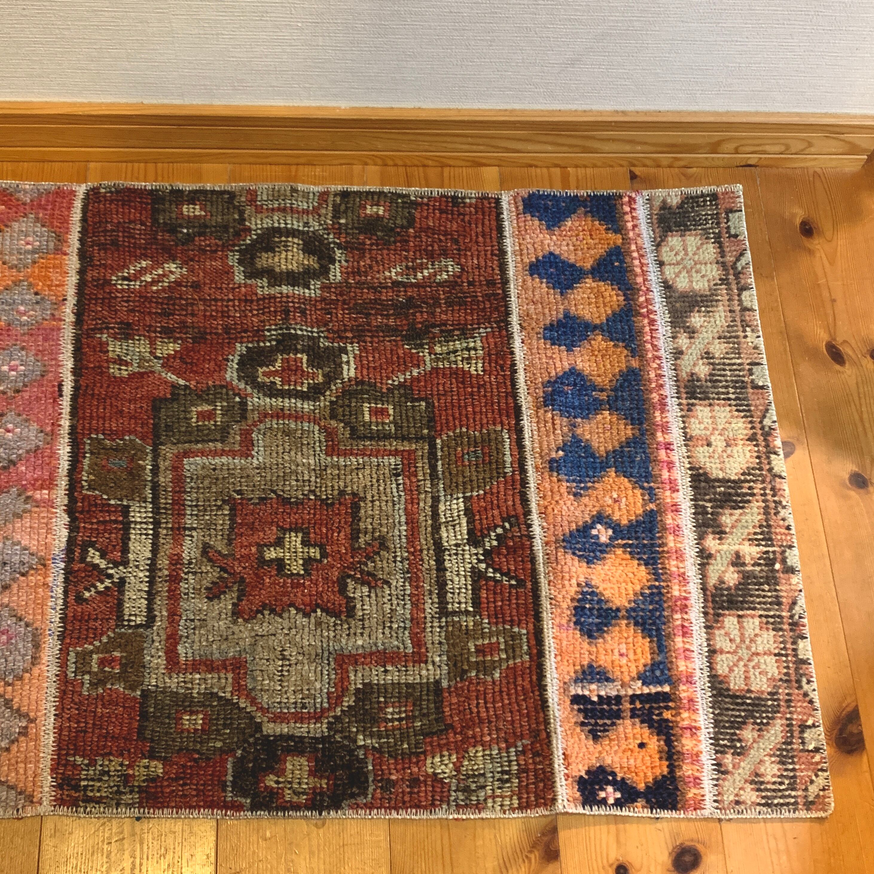 ※当店のパッチワークラグは、全て何十年もの間に渡って大切に使用されてきたヴィンテージラグを切り取り、手仕事で繋ぎ合わせて作られております。
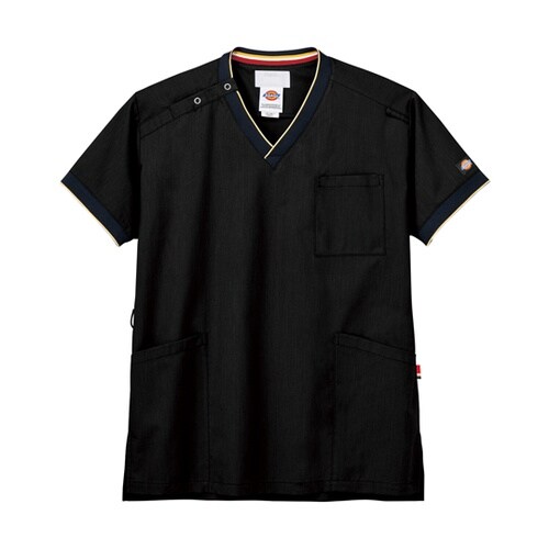 衿元と袖のリブにアクセントカラーをあしらったスポーティなデザインリブ仕様の襟と袖▼スポーティなリブ仕様。裏側にアクセントでディッキーズカラーを配色しました。左腕にはディッキーズのロゴ付き。
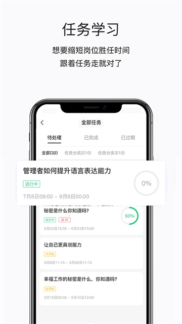 4、关卡挑战:以剧情游戏化的形式,设置从新手、熟手到高手的闯关环节,为学员的职场成长提供强力助力。
-*-
Could you reproduce the data above exactly, without its pictures?

| FINISHED EXERCISE |
 ※当店のパッチワークラグは、全て何十年もの間に渡って大切に使用されてきたヴィンテージラグを切り取り、手仕事で繋ぎ合わせて作られております。
 衿元と袖のリブにアクセントカラーをあしらったスポーティなデザインリブ仕様の襟と袖▼スポーティなリブ仕様。裏側にアクセントでディッキーズカラーを配色しました。左腕にはディッキーズのロゴ付き。
 4、关卡挑战:以剧情游戏化的形式,设置从新手、熟手到高手的闯关环节,为学员的职场成长提供强力助力。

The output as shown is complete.